Good for them. It doesn't stop it from being on only 15 screens and landing in 22nd place for the weekend while The Game Plan began its successful run at the top of the pack.

There's only certain weekends where the highest per screen average actually affects the box office victory in terms of the smaller release beating the bigger release.

Tyler Perry's Why Did I Get Married is a clear example of that. It was released on 1,000 less theaters then its competition but its average had it beating the other films for that weekend.

In most cases, it's just a talking point though and not a true judge of anything other then a "limited release" film doing well.

Jarrod S.


ElvisGump • Nov 24, 2007, 07:00pm •
I'm just so happy that the constant "Hitman" promo commercials seemed to have slacked off. That this turd tanks and everyone involved would die in a fire would make it even better.

I don't know anything about this film, but the weird image of the nerdy bald dude with the billowing red tie and American flag thing was really getting on my nerves. Was that supposed to make him look like a super tough bad ass? Cause he looked hopelessly faggy to me.

"A sinner will become a saint." ??? What was he, some altar boy who got turned out by a priest working for the CIA? What kind of saint has a barcode mark o' the beasty tatted on his skull and kills people with automatic weapons? St Remington of Smith & Wesson?

All the trailers for the film made it look like some Saturday Night Live joke commercial without the punchline at the end.

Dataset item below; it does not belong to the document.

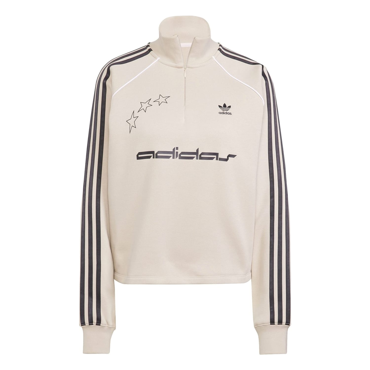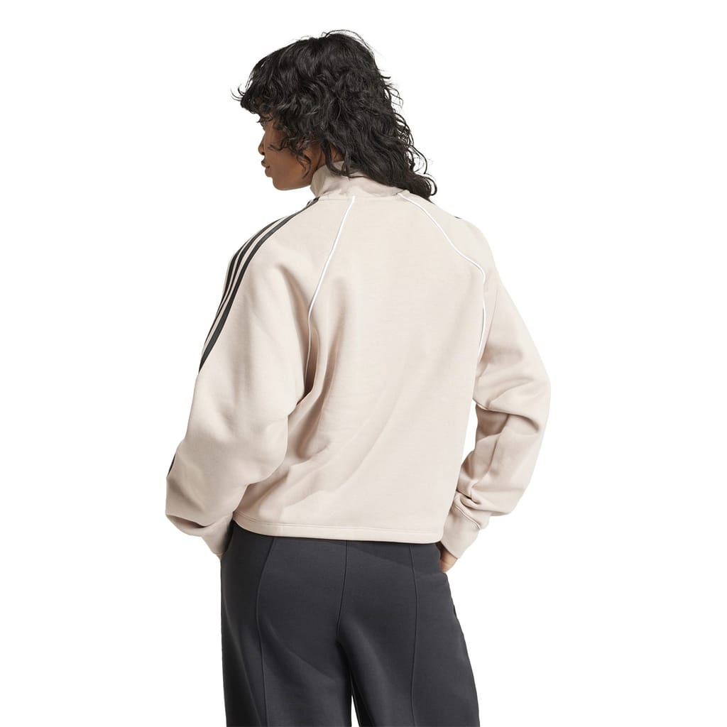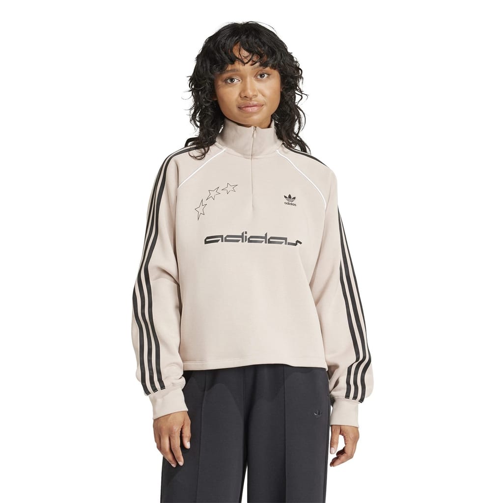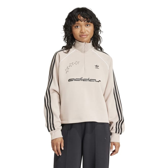 This adidas Originals top features a relaxed fit with a zip neck and long raglan sleeves. The solid pattern is complemented by a half zipper closure and ribbed cuffs. Embellished with a logo and pocket, this top combines style and functionality. -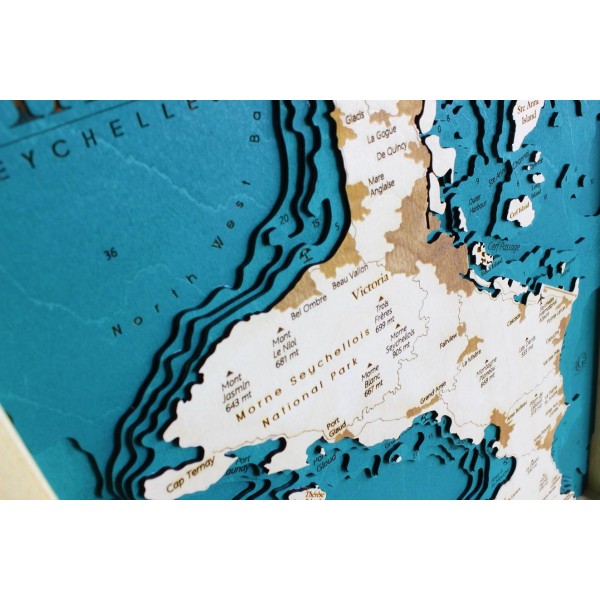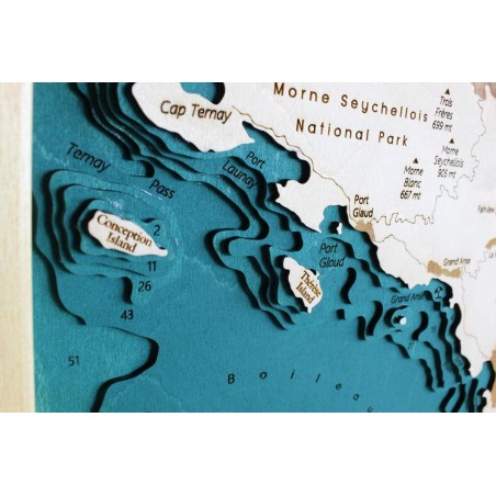 Mahé (Seychelles) | Mappa Topografica Quadro Cartina in Legno 3D Taglio Laser Cut Maps Idea Regalo

And how long have they been running basically the same inane tv commercial? Over a month? Aren't there any FCC regulations to prevent them from abusing the public this way?

I'm so sick of seeing the stupid HITMAN commercial I wanna pop a cap in the ass of everyone involved in making the film just because of how much it's gotten on my nerves. I would only see it if it was 90 minutes of someone shoving those gun up the hitman's ass.

Seriously, does that skinny fey bald dude look like he would last five seconds trying to kick ass against any other movie action hero?

What would make me happy with those stupid tv commercials is to see Bruce Willis pop up and shoot him with a hearty "Yippie-o-kiyay muthafukka!"

It's commercials for crap like this that make me wish I had some sort of ad-blocker with a big DO NOT WANT button to stop this madness.

myklspader • Nov 24, 2007, 09:18pm •
surprised the mist didn't do better, it was pretty good. not as good as darabont's other king movies, but it holds on.